After I got married, I left Brazil and lived abroad for twenty years to serve God, not to make a living. There is a big difference between moving abroad to make a living and moving abroad to win souls. You don’t make plans, you don’t know when you’ll see your family and friends again, and sometimes you suffer prejudice for being an immigrant trying to help the citizens of that country. And while I was abroad, God led me to personal deserts in my marriage, with my son, and in the Work of God.
While some thought I was the lucky daughter of Bishop Macedo, who married a pastor and soon moved abroad, I was actually alone, having to deal with the expectations of everyone around me. The truth is that I was an insecure and immature seventeen-year-old girl.
Sometimes, people thought I was foolish because I never experienced the world, and sometimes, they thought I was spoiled for not having suffered in the world. And this is the look I received every time I opened my mouth to speak about the Word of God to someone who already knew it. Soon, my cheeks would become flushed and this led people to think that I was completely unprepared to be there, in that position.
However, it was in my unpreparedness, in my immaturity, and insecurity that God carefully prepared me to be the Cristiane Cardoso that so many people know today. I’m still a nobody, but when I look back, I see how important my insignificance, both in my own eyes and in the eyes of many, was important for me. The Holy Spirit was able to work in me. I would never have achieved this structure if I started off at the top.

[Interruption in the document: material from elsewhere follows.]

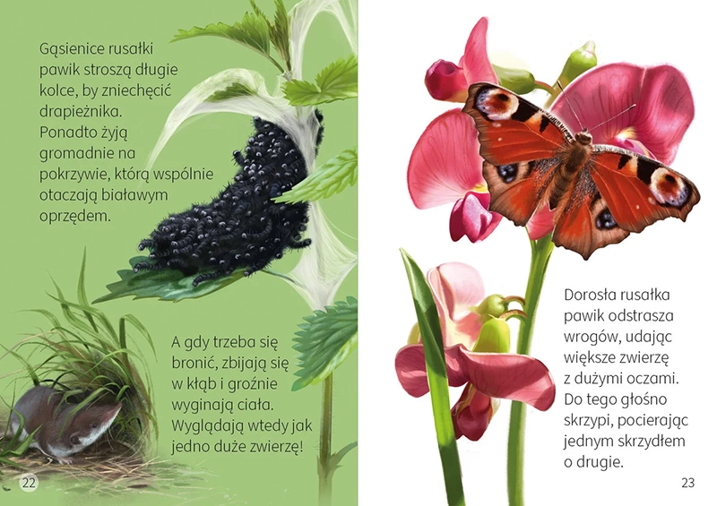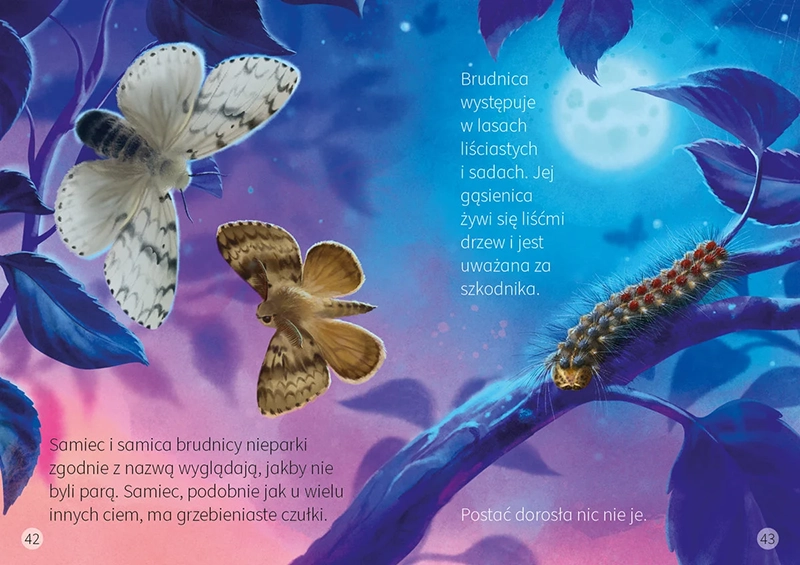 Przyjrzą się najpopularniejszym gatunkom – zarówno dziennym, jak i nocnym – w Polsce i nauczą się je rozpoznawać. Poznają też wygląd gąsienic oraz ich sposoby na to, by nie dać się zjeść. Dzięki pięknym, realistycznym ilustracjom rozpoznają motyle i gąsienice, które widują na co dzień.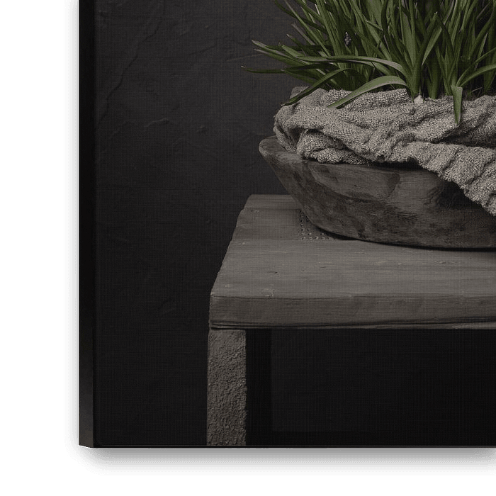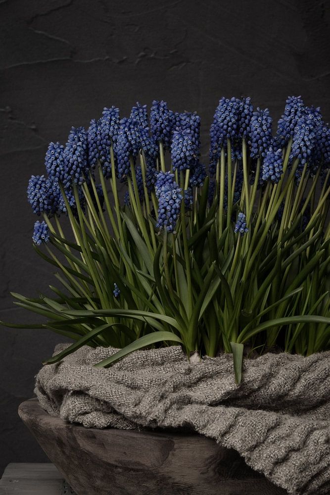 Ländliches Stillleben mit blauen Weintrauben in einer Holzschale. Das Ganze steht auf einem alten Gerüstholztisch. Es handelt sich um ein dunkles Stillleben mit schönem, weichem Licht aus einem Fenster, über dem Rand der Holzschale hängt ein schäbiges Leinentuch. Es ist ein ruhiges Bild mit nüchternen Farbtönen. Als Wanddekoration passt dieses Bild gut in ein ländliches und natürliches Interieur. Von diesem Stillleben gibt es auch eine horizontale Version.

I was disappointed, I was slandered, I was mistreated, I was ignored, I was disrespected, I was mocked, I was isolated, I was persecuted, I was misunderstood, and often within the Church itself, by people I never imagined would hurt me. But God was so wonderful to me that in my loneliness He did enough to sustain me. His Spirit comforted me, consoled me, and gave me the strength to forgive, let it roll off my shoulder and keep looking forward.
This is why I identify so much with this passage:
Thus says the Lord: Let not the wise man glory in his wisdom, let not the mighty man glory in his might, nor let the rich man glory in his riches; but let him who glories glory in this, that he understands and knows Me, that I am the Lord, exercising lovingkindness, judgment, and righteousness in the earth. For in these I delight, says the Lord. Jeremiah 9.23-24
Even if we don’t have the wisdom and strength people expect from us, when we know the Lord Jesus, we have the structure we need for life.